Gene not expressed in wild-type and knockout yet differences in microarray - (Dec/08/2010 )
How was the knock-out made? From what I read, I'm afraid your knock-out not only affected your gene of interest, but also has an effect on other genes. For instance, by deleting a part of the chromosome required for attachment to the nuclear lamina, you change the position of the chromosome in the nucleus, which can have an effect on the expression of other genes on that chromosome. Alternatively, you may have deleted an enhancer/repressor for another gene located some kilobases/megabases away from your gene of interest. Of course, this is all very hard to prove, but I would recommend checking the conservation of the intronic regions you deleted. If they are nicely conserved between different species, this may imply a functional role for these sequences...
Perhaps the genomic region deleted in your model does not code only for a mRNA, but also for a miRNA. A differential miRNA expression could clearly influence your microarray results as well as your phenotype (i.e., different cell growth).
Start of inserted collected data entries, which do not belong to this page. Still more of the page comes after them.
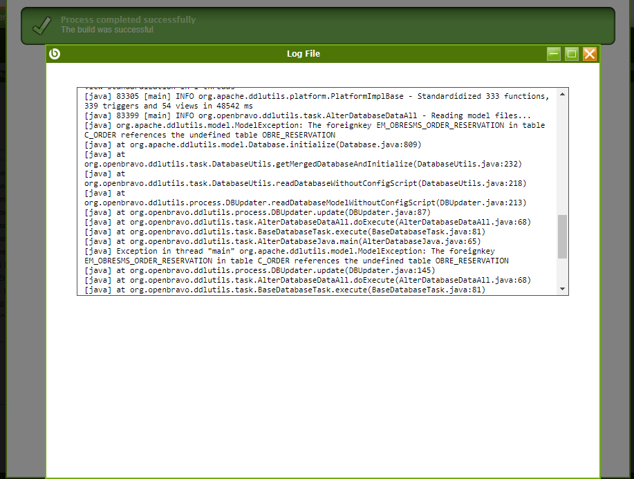 Launching the Rebuild process, it finishes (or seems to finish) successfully, since a green banner "Process Completed Successfully" is shown. But looking at the log shows a different story (the error message shown above is from the log)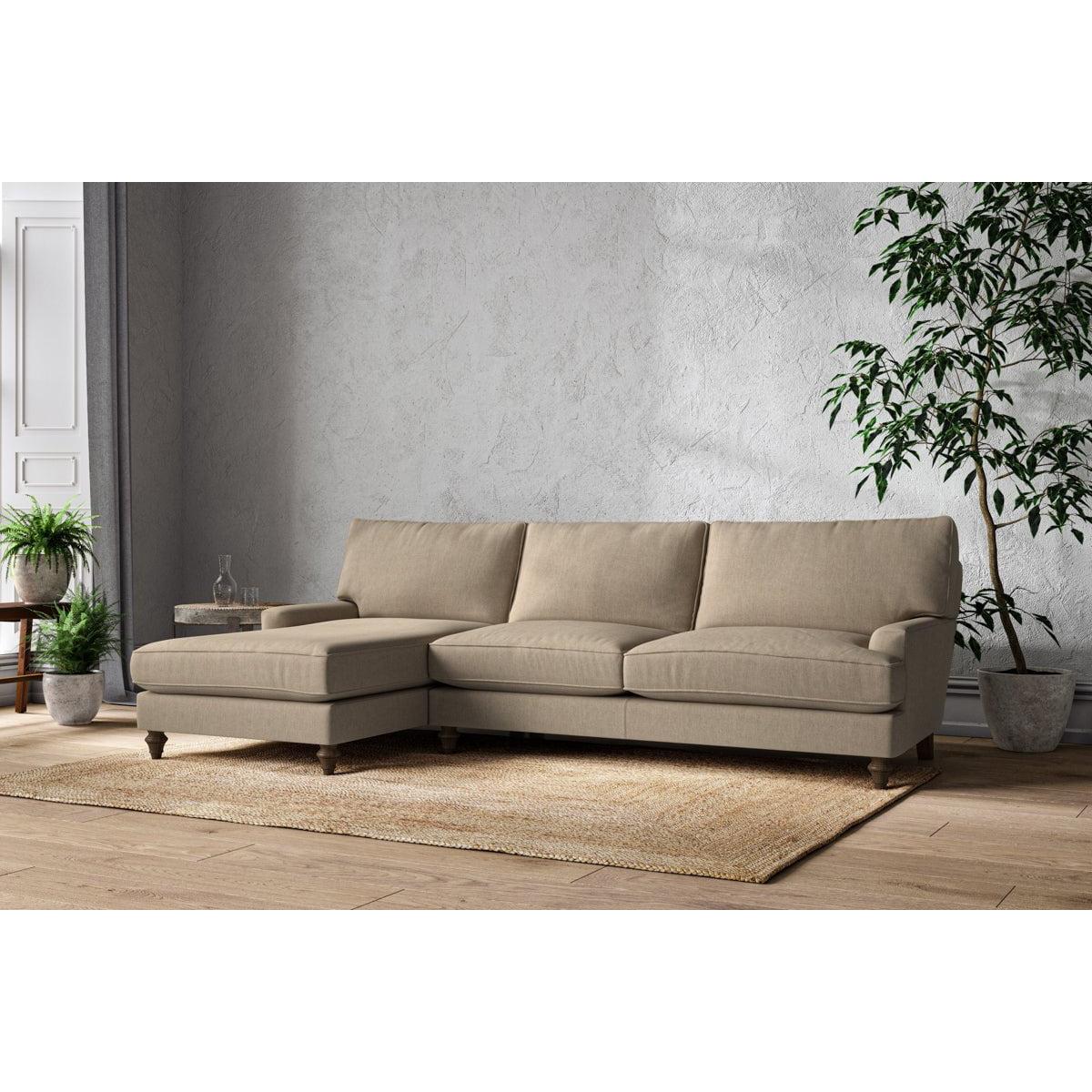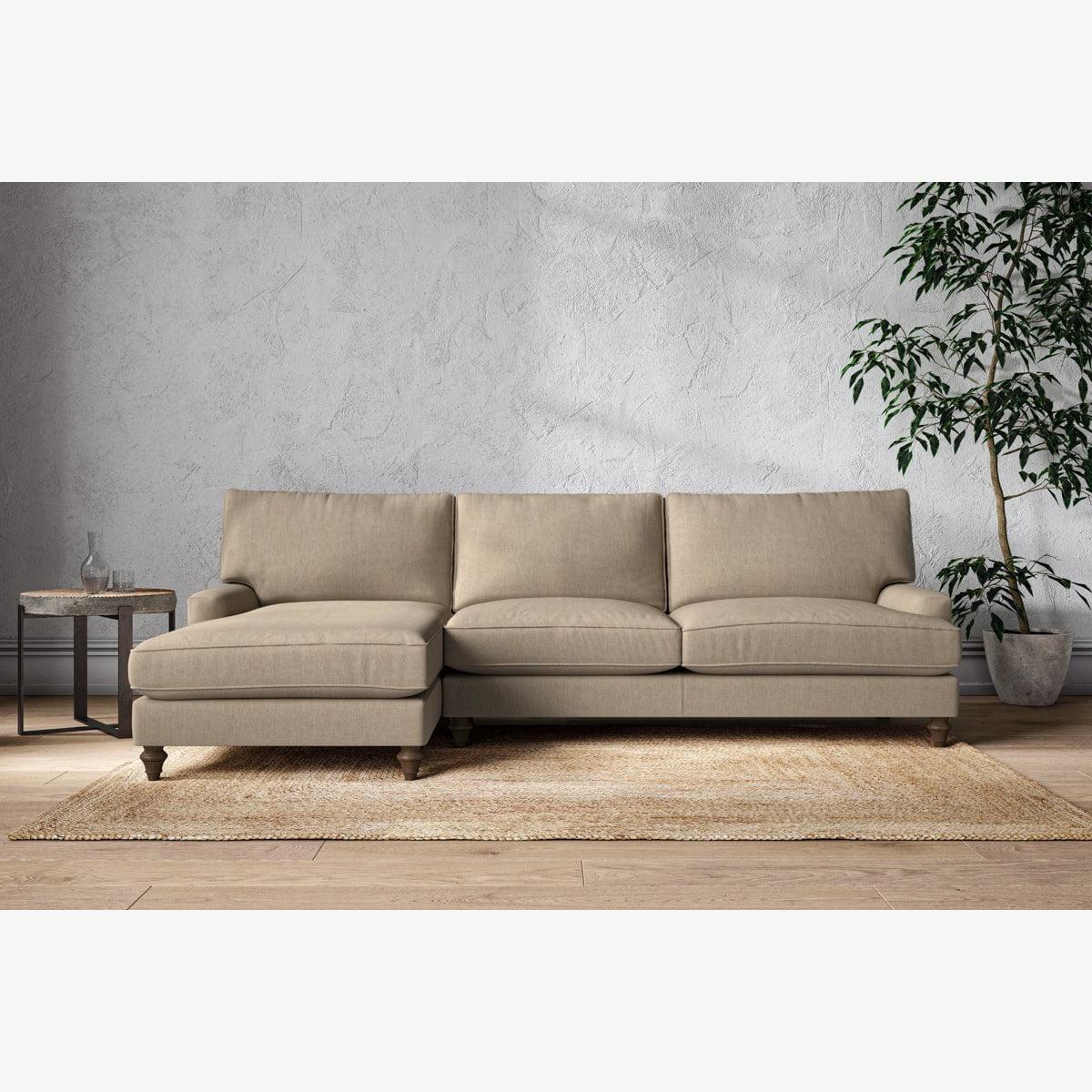 The classic design of our Marri grand left hand chaise sofa has a timeless appeal that suits almost any interior. Each piece is handcrafted by our specialist team in our Nottinghamshire workshop combining traditional techniques with exceptional craftmanship. Well-considered details ensure lasting quality, including piped edging, separate back cushions, and hand-turned hardwood feet. The hardwood frame and high-grade steel serpentine springs are selected for enduring quality, and the cushions are made from foam with a fibre wrap for added comfort. The fabric is hand cut to size, playing close attention to the characteristics of the material, and the sculpted hardwood feet provides the finishing detail. Our upholstery fabrics are sourced from Italy’s finest mills and are chosen for their style and quality. We have selected a beautiful heavyweight, soft washed linen with an outstanding texture. Our linen is perfectly suited to upholstery, with an appealing natural, and tactile feel. It is also heavy and durable. The linen is FR treated for domestic upholstery ensuring peace of mind as well as meeting specialist UK furniture requirements. Please note, our white background cut-out photography is shown in Natural for shape and style reference. Fabric Swatch Ordering We recommend ordering fabric swatches before placing your order, giving you the chance to feel the fabric and see your colour choices within your own home. You can order up to 6 free fabric swatches by clicking here. Before placing your order, it's important to take the time to measure the space you intend to place your made-to-order furniture to ensure it fits properly. You can read more in our Sofa Buying Guide.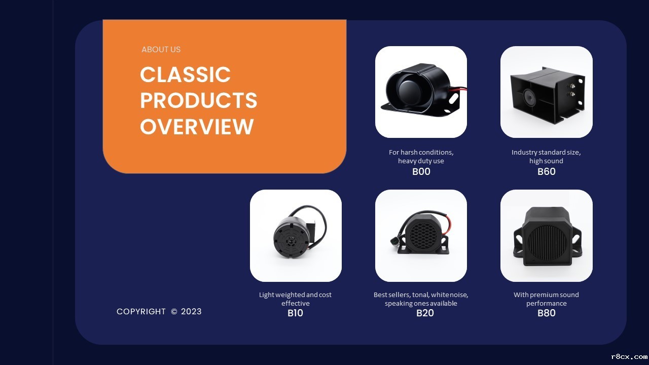 B60报警器系列产品适用于各种大中型车辆/设备,推荐中度及重度噪声区域使用。是工程机械领域使用较多的产品系列。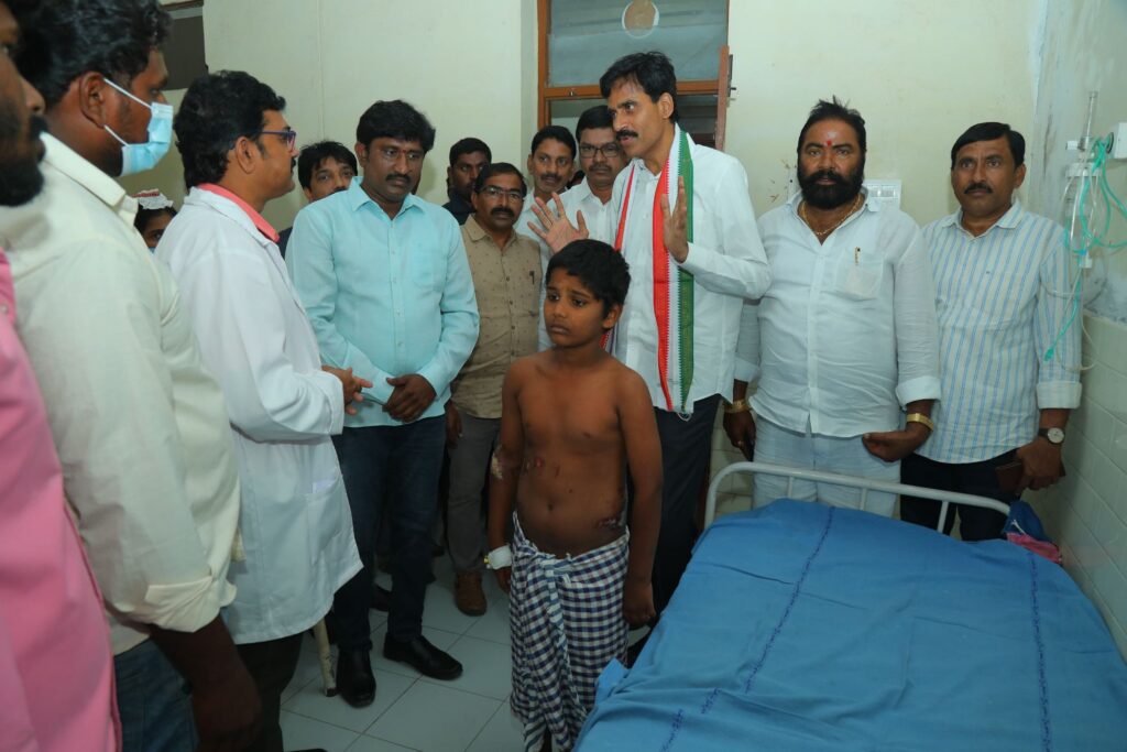 ఖమ్మం : ఇటీవల ప్రమాదవశాత్తు వేడి సాంబారు గిన్నెలో పడిపోయి తీవ్రంగా గాయపడిన పెరిక సింగారం గ్రామానికి చెందిన అడపాల మనోహర్ ను కాంగ్రెస్ జిల్లా నాయకులు పొoగులేటి ప్రసాద్ రెడ్డి మంగళవారం పరామర్శించారు. ఖమ్మంలోని ప్రభుత్వ ప్రధానాస్పత్రిలో చికిత్స పొందుతున్న ఈ బాలుడితో మాట్లాడి ధైర్యం చెప్పారు. మెరుగైన చికిత్స అందించాలని వైద్యులను కోరారు. అనంతం ఆస్పత్రి మెడికల్ సూపరింటెoడెంట్ ఎల్.కిరణ్ కుమార్ ను కలిసి..వివరాలు తెలుసుకున్నారు. ఆస్పత్రి లోపల అంతా పరిశుభ్రంగా వుంచారని అభినందించారు. ఇలాంటి శ్రద్ధ నే కొనసాగించాలని కోరారు. ఈ కార్యక్రమంలో మాజీ ఎంపీపీ జూకూరి గోపాలరావు, నాయకులు దుంపల రవి, మంకెన వాసు తదితరులు పాల్గొన్నారు.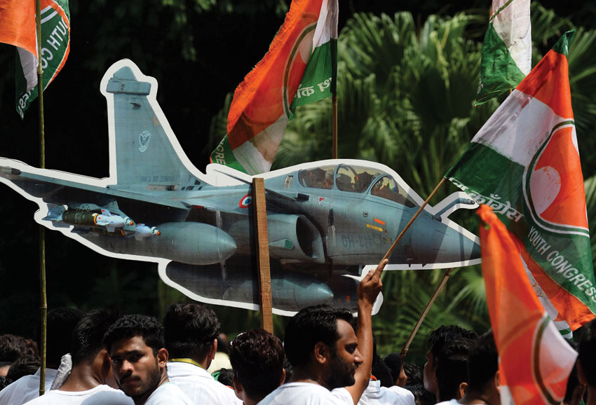 Supporters of the opposition Indian National Congress party hold a model of a Rafale fighter jet as they shouts slogans during a protest against the Rafale jets deal, in New Delhi, Aug. 30. The Rafale deal has been caught in a controversy with the opposition Congress alleging that the price being paid by the government to purchase 36 fighter jets is more that what it had negotiated for. The government has denied the allegation and refused to divulge the cost citing a confidentiality clause in the purchase agreement. (Sajjad Hussain/AFP/Getty Images)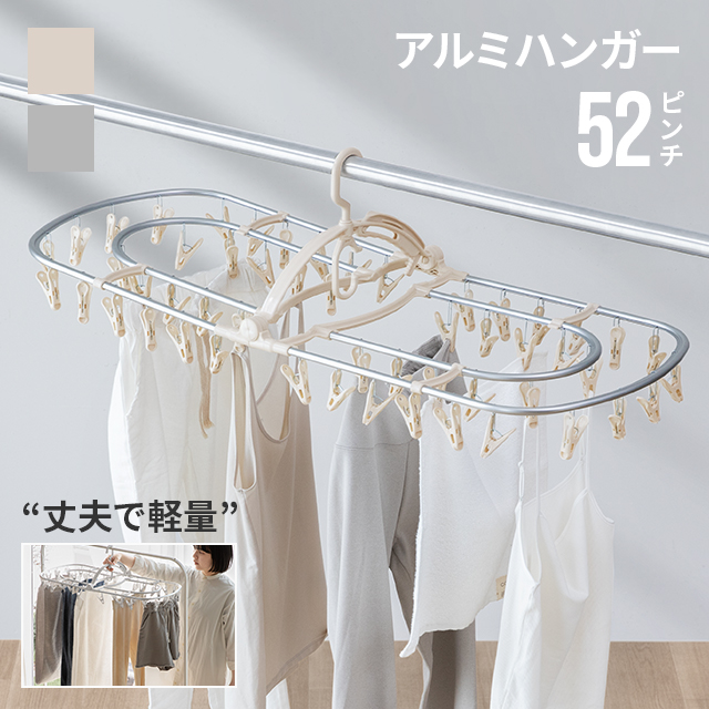 洗濯物をまとめて干せる、軽量なアルミ製角ハンガー。二重配列のピンチで下着などの隠し干しができるほか、かもいフック付きで室内干しにも対応します。上質な印象のアルミフレームと穏やかな色合いは暮らしに馴染みやすく使う人にも優しいデザインです。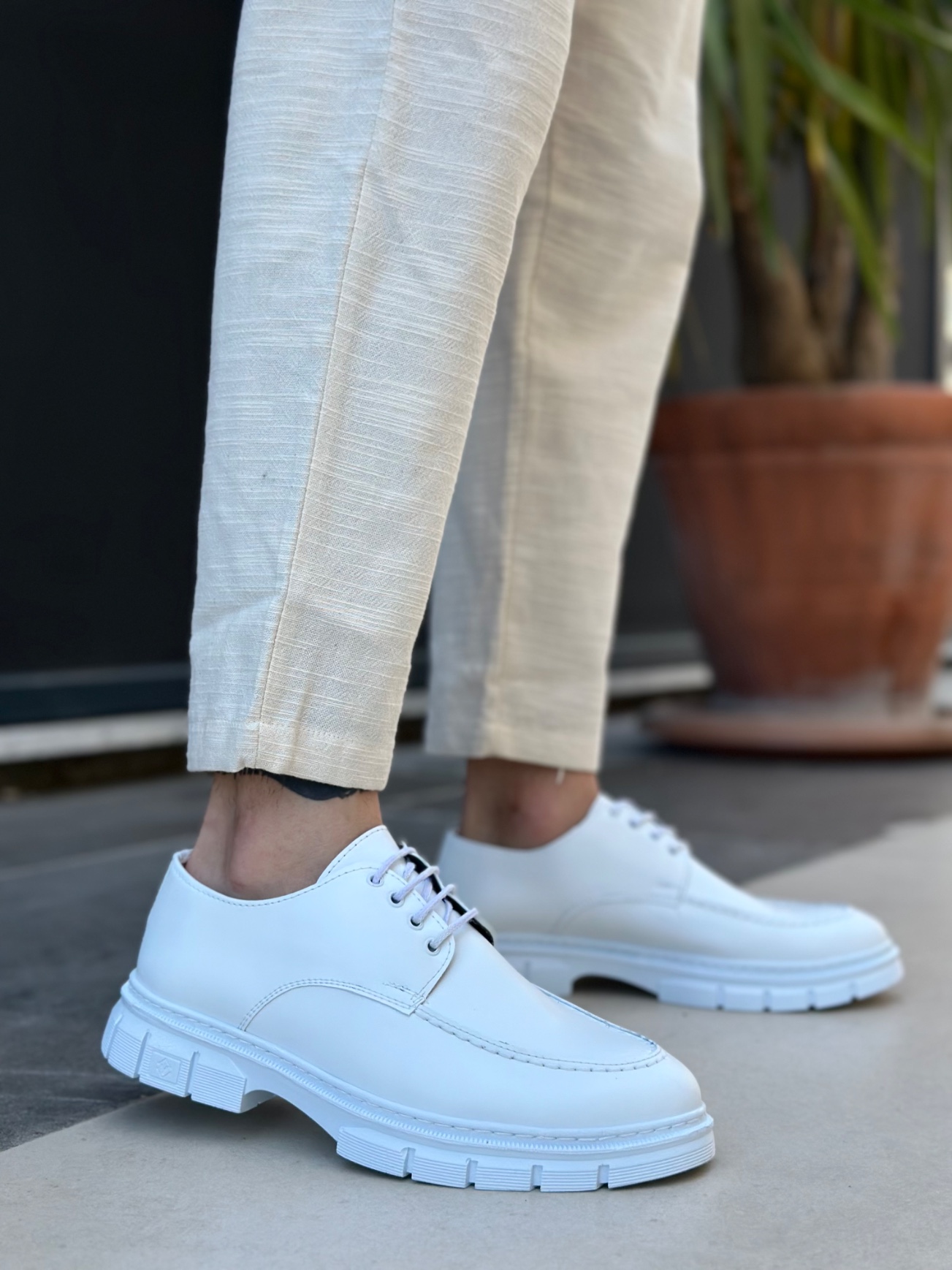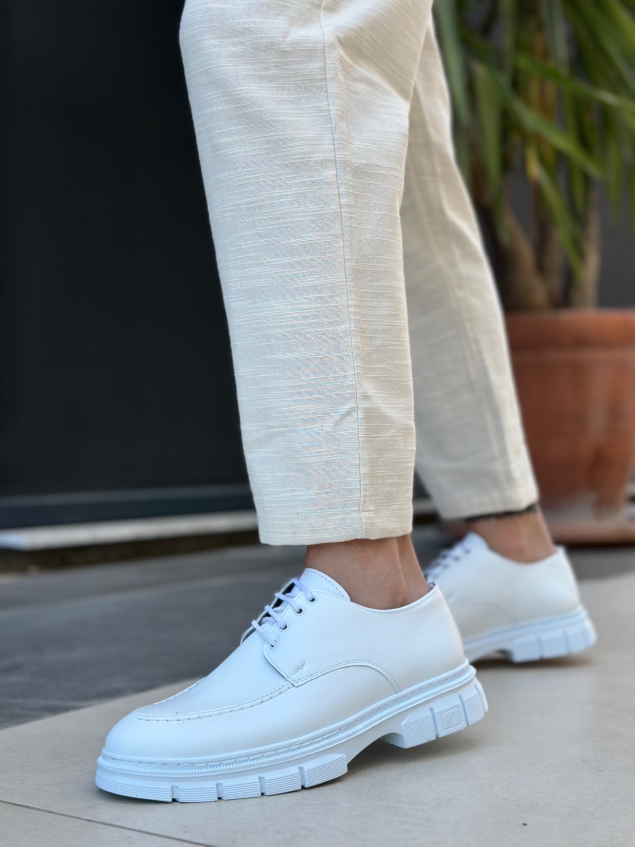 • MirgeShoes Beyaz Bağcıklı Erkek Klasik Rugan Casual Ayakkabı Yüksek BYZ Taban MRG010602555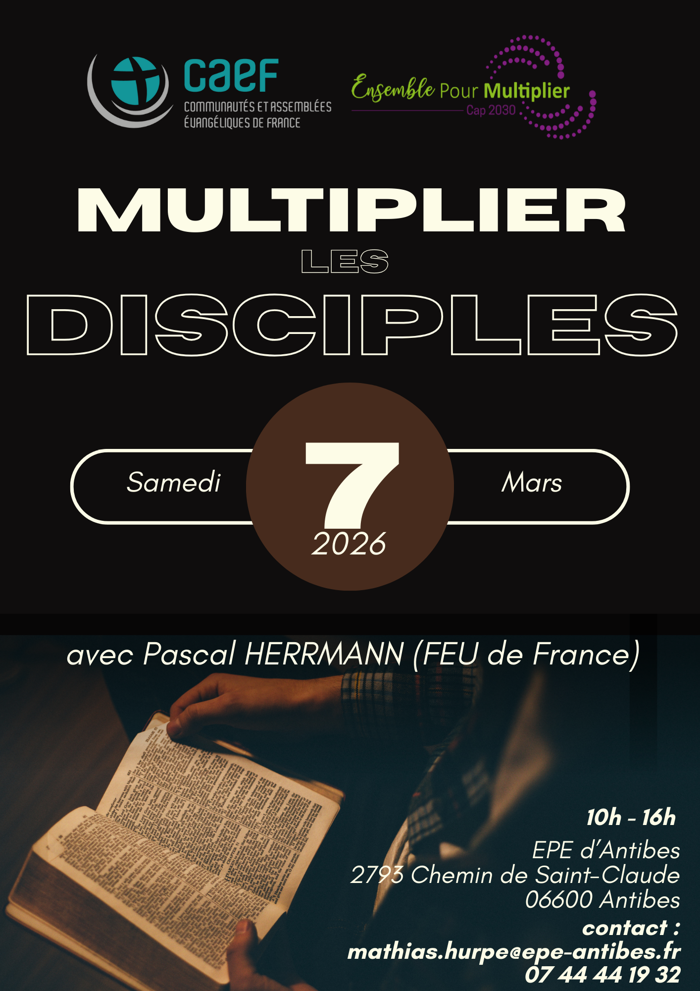 Rencontre inter eglises le samedi 7 mars 2026 à l’EPE d’Antibes (Centre commercial Galaxie, 2793 Chem. de Saint-Claude, 06600 Antibes) sur le thème : » Multiplier les disciples ! »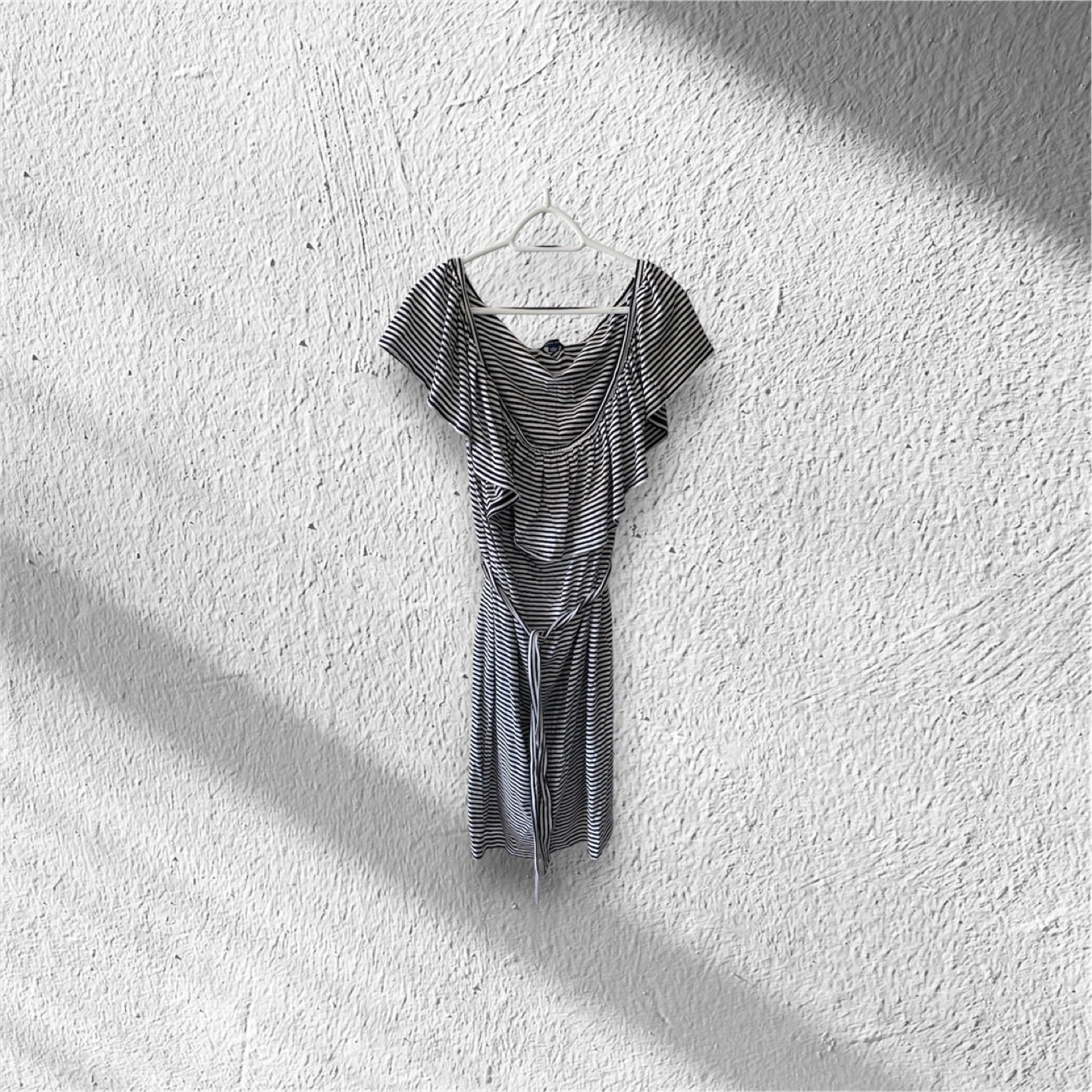 Striped off the shoulder dress with a tie waist. Short sleeves.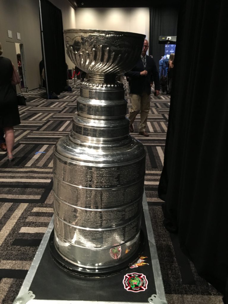 He was on hand with the Cup as players and even Bark-Andre Furry — the Golden Knights’ lucky dog and Jack Russell — walked the red carpet to the awards event.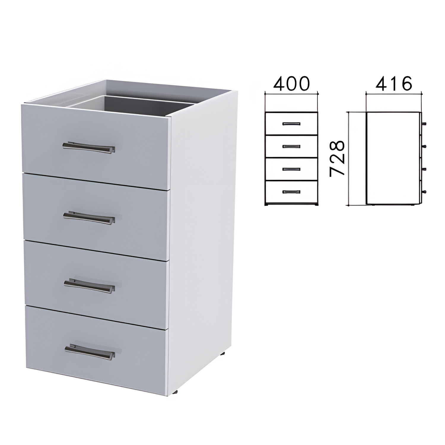 Тумба (каркас БЕЗ КРЫШКИ) приставная "Монолит", 400х416х728 мм, 4 ящика, серая, ТМ05.11

dpo on Tue Dec 14 09:20:48 2010 said:
How was the knock-out made? From what I read, I'm afraid your knock-out not only affected your gene of interest, but also has an effect on other genes. For instance, by deleting a part of the chromosome required for attachment to the nuclear lamina, you change the position of the chromosome in the nucleus, which can have an effect on the expression of other genes on that chromosome. Alternatively, you may have deleted an enhancer/repressor for another gene located some kilobases/megabases away from your gene of interest. Of course, this is all very hard to prove, but I would recommend checking the conservation of the intronic regions you deleted. If they are nicely conserved between different species, this may imply a functional role for these sequences...
Hi dpo,
Two different knockouts were created by deletion of two separate exons. Your insights are perceptive. There is a gene that is transcribed in the reverse orientation to my gene of interest and they share a very short bidirectional promoter. Their expression patterns are quite similar in vivo. I've looked at the expression of this gene in my microarray data but unfortunately, it too is not expressed in both WT and KO. Your suggestions however now give me new leads to pursue.....I will see if any of those differentially expressed genes are located in or around the loci of my gene of interest. If your prediction is correct, it should show up in the data. I will look and keep you posted. Thanks for the great suggestions
96well on Tue Dec 14 13:50:12 2010 said:
Perhaps the genomic region deleted in your model does not code only for a mRNA, but also for a miRNA. A differential miRNA expression could clearly influence your microarray results as well as your phenotype (i.e., different cell growth).
Hi 96well,
Your suggestion is a great one too. I am now considering doing a microRNA microarray. I also recently learned about LINC - large intergenic non-coding RNAs. It shows how much remains to be discovered about gene regulation. A colleague of mine suggested another possibility......that the knockout effect was imprinted in the genome and passed on down the germline through methylation or acetylation of genes or chromosomes. This will be really tough to prove, although not impossible. Thanks for your thoughts
well, it is not that hard to prove if it is an epigenetic event, you can just go with bisulfide sequencing or chip for repressive histone marks (if it is MEFs the raw data is already public, you just have to download it and analyse the epigenetic marks for your gene).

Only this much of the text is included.